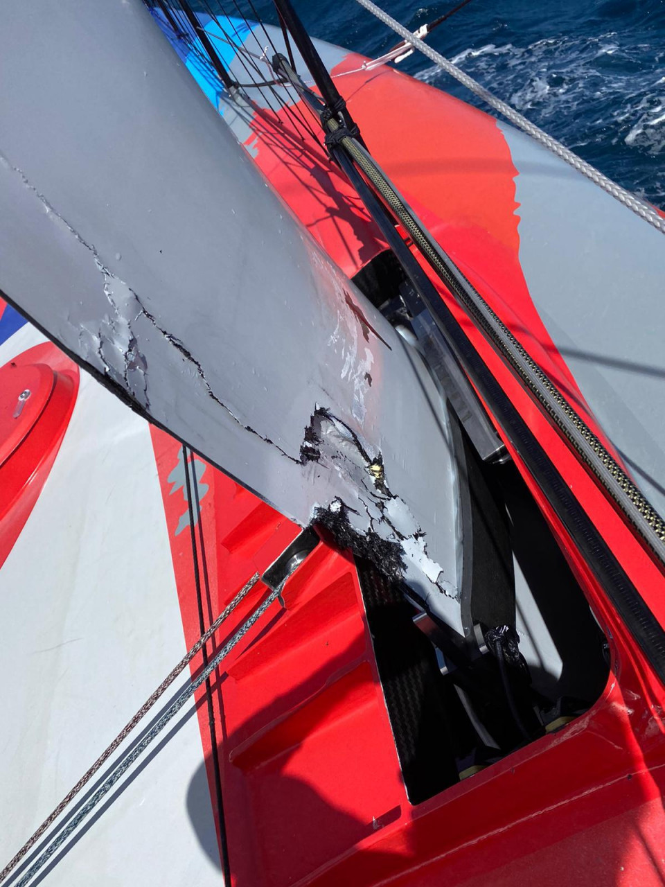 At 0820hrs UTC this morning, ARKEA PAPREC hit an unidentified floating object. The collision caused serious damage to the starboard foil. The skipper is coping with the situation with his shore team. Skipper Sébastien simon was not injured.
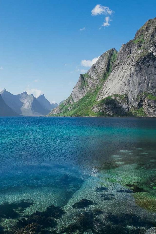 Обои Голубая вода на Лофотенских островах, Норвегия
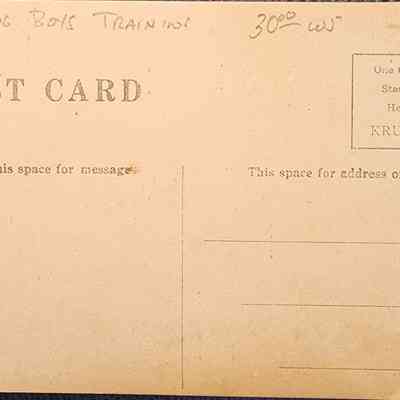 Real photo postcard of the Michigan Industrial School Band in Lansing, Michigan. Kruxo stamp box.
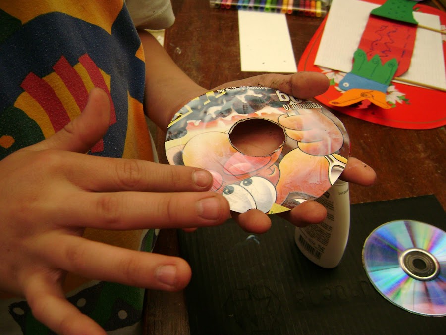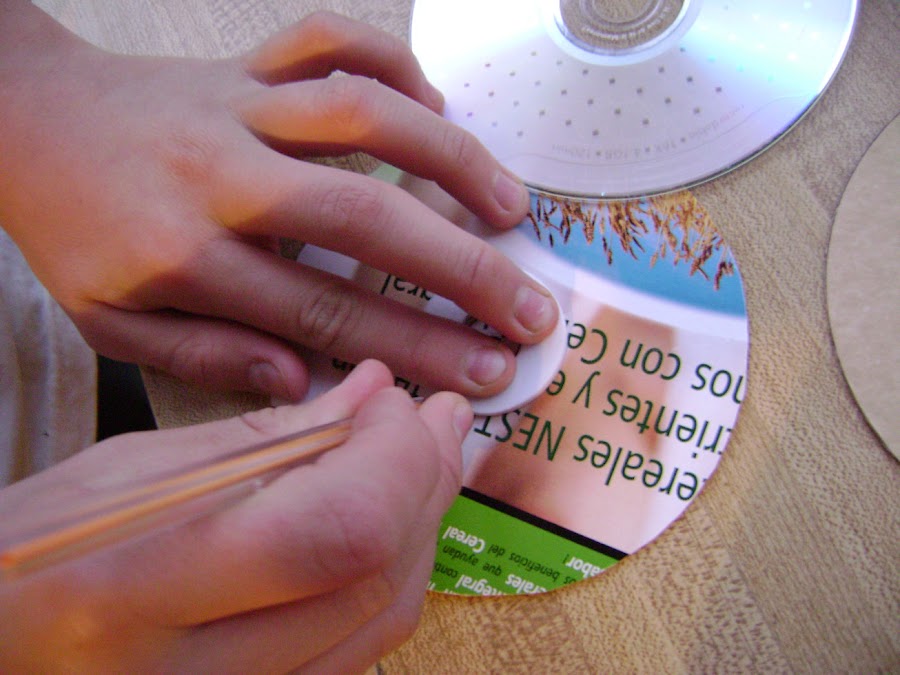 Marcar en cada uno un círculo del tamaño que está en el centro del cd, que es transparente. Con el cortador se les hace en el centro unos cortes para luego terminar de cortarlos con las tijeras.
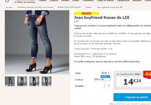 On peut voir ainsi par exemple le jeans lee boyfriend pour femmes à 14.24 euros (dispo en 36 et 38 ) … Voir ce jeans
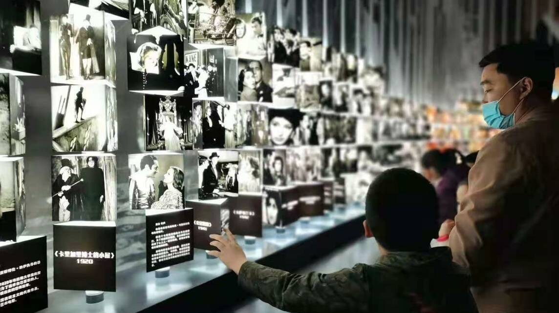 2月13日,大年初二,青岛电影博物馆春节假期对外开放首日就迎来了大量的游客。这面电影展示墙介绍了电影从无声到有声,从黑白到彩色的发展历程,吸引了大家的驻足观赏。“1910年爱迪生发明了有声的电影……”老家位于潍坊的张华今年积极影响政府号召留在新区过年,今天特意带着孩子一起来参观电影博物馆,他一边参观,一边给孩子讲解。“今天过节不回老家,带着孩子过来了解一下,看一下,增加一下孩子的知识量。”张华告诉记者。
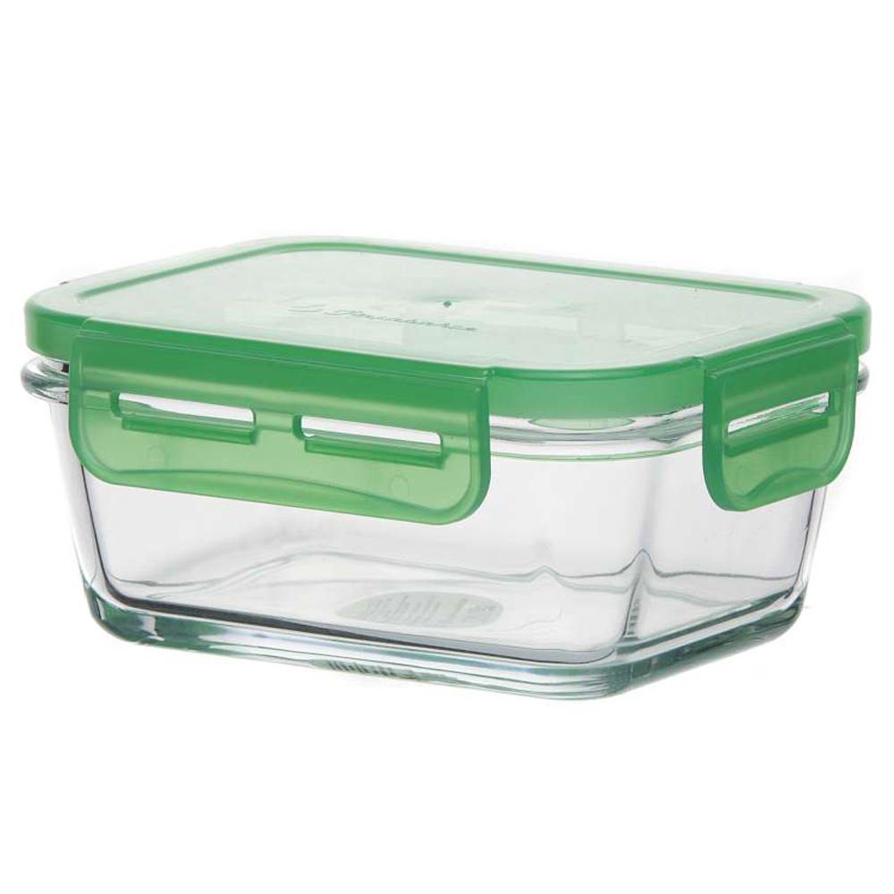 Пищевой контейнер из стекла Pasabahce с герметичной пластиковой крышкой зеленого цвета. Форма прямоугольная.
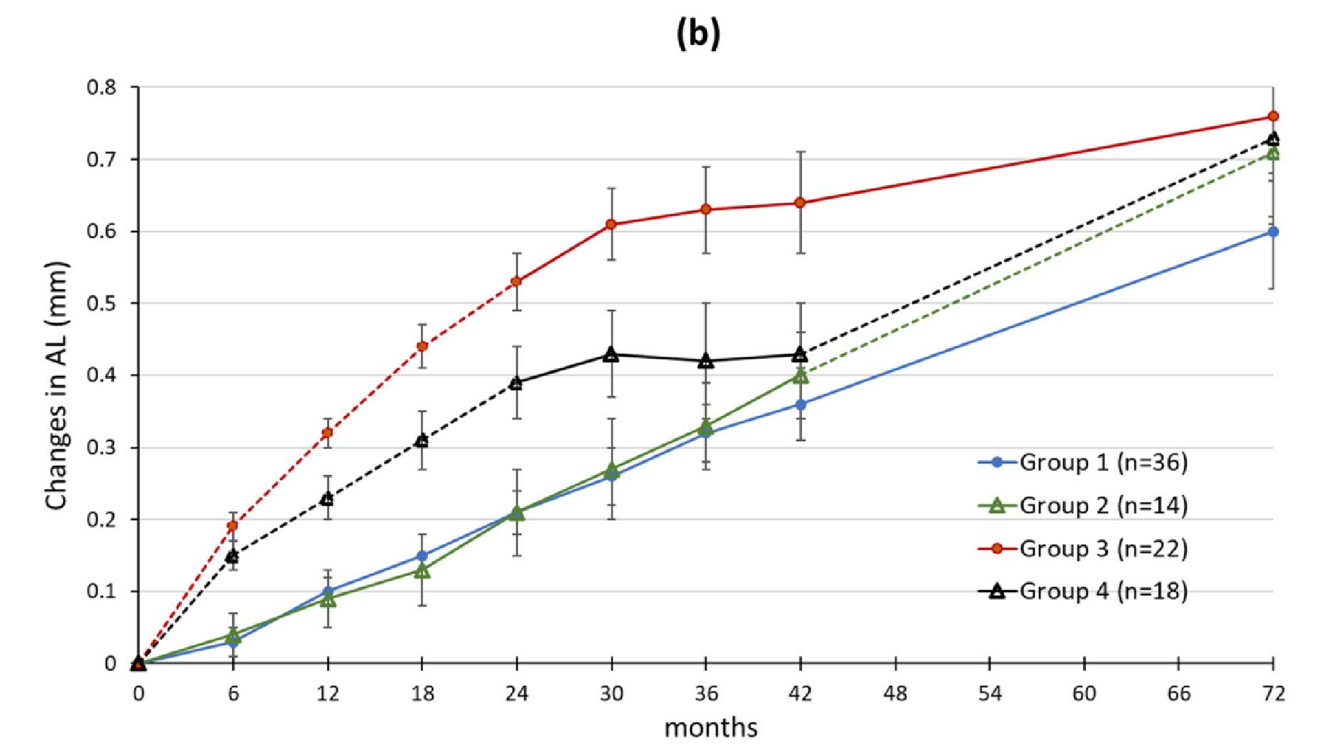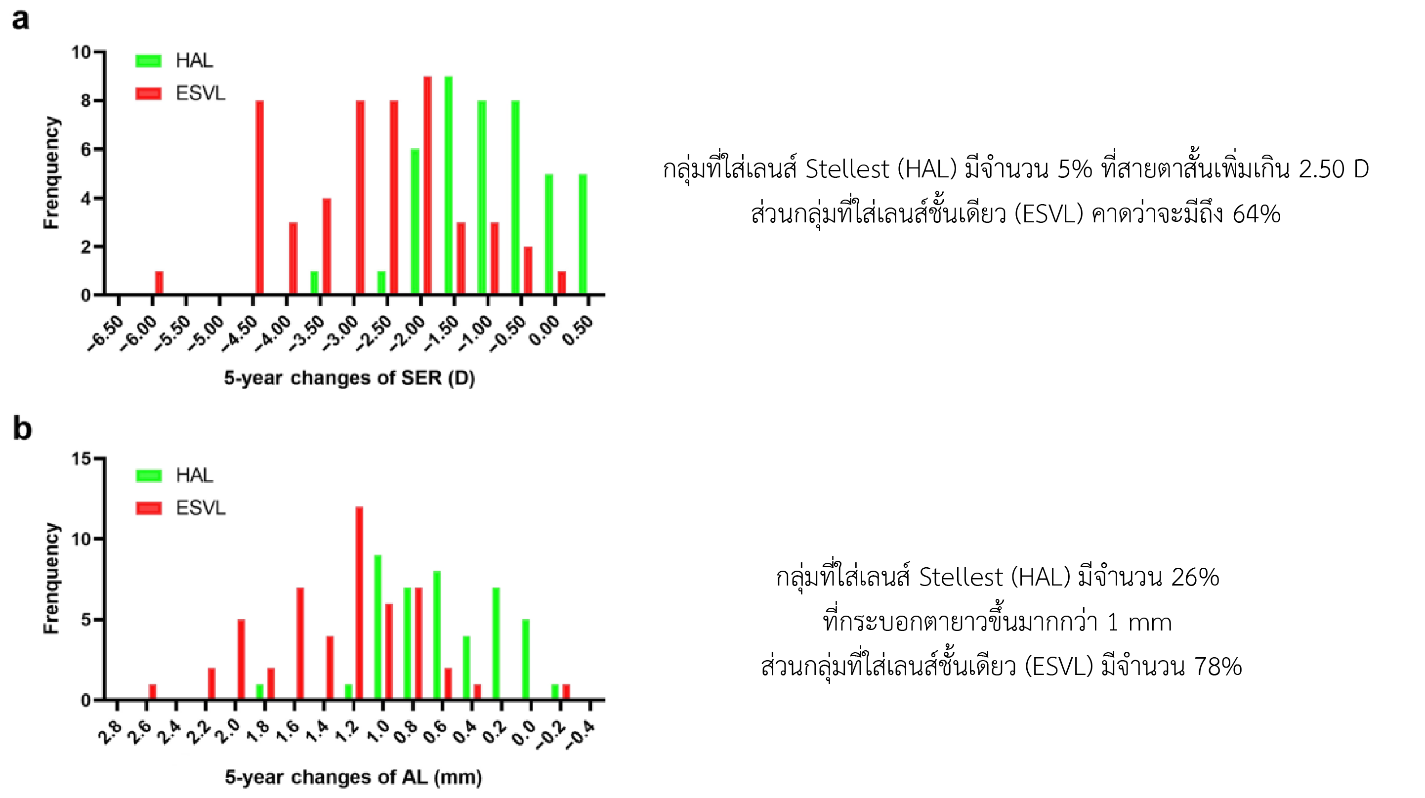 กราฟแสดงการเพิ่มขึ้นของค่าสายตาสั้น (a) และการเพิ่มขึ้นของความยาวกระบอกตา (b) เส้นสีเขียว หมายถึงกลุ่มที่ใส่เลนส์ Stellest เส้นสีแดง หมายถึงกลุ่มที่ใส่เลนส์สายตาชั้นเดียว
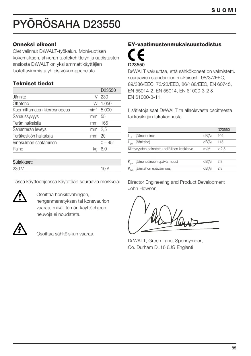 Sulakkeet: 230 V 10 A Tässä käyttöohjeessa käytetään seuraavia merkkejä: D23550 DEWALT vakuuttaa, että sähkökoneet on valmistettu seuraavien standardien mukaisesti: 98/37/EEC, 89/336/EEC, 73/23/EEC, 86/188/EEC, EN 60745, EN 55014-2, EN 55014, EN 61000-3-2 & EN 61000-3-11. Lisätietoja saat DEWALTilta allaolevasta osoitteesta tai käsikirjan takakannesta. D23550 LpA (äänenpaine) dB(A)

EXERCISE DETAILS:
Strip out the pictures and quote the remaining data word for word.

RESPONSE:
 At 0820hrs UTC this morning, ARKEA PAPREC hit an unidentified floating object. The collision caused serious damage to the starboard foil. The skipper is coping with the situation with his shore team. Skipper Sébastien simon was not injured.
 Обои Голубая вода на Лофотенских островах, Норвегия
 Real photo postcard of the Michigan Industrial School Band in Lansing, Michigan. Kruxo stamp box.
 Marcar en cada uno un círculo del tamaño que está en el centro del cd, que es transparente. Con el cortador se les hace en el centro unos cortes para luego terminar de cortarlos con las tijeras.
 On peut voir ainsi par exemple le jeans lee boyfriend pour femmes à 14.24 euros (dispo en 36 et 38 ) … Voir ce jeans
 2月13日,大年初二,青岛电影博物馆春节假期对外开放首日就迎来了大量的游客。这面电影展示墙介绍了电影从无声到有声,从黑白到彩色的发展历程,吸引了大家的驻足观赏。“1910年爱迪生发明了有声的电影……”老家位于潍坊的张华今年积极影响政府号召留在新区过年,今天特意带着孩子一起来参观电影博物馆,他一边参观,一边给孩子讲解。“今天过节不回老家,带着孩子过来了解一下,看一下,增加一下孩子的知识量。”张华告诉记者。
 Пищевой контейнер из стекла Pasabahce с герметичной пластиковой крышкой зеленого цвета. Форма прямоугольная.
 กราฟแสดงการเพิ่มขึ้นของค่าสายตาสั้น (a) และการเพิ่มขึ้นของความยาวกระบอกตา (b) เส้นสีเขียว หมายถึงกลุ่มที่ใส่เลนส์ Stellest เส้นสีแดง หมายถึงกลุ่มที่ใส่เลนส์สายตาชั้นเดียว
 Sulakkeet: 230 V 10 A Tässä käyttöohjeessa käytetään seuraavia merkkejä: D23550 DEWALT vakuuttaa, että sähkökoneet on valmistettu seuraavien standardien mukaisesti: 98/37/EEC, 89/336/EEC, 73/23/EEC, 86/188/EEC, EN 60745, EN 55014-2, EN 55014, EN 61000-3-2 & EN 61000-3-11. Lisätietoja saat DEWALTilta allaolevasta osoitteesta tai käsikirjan takakannesta. D23550 LpA (äänenpaine) dB(A)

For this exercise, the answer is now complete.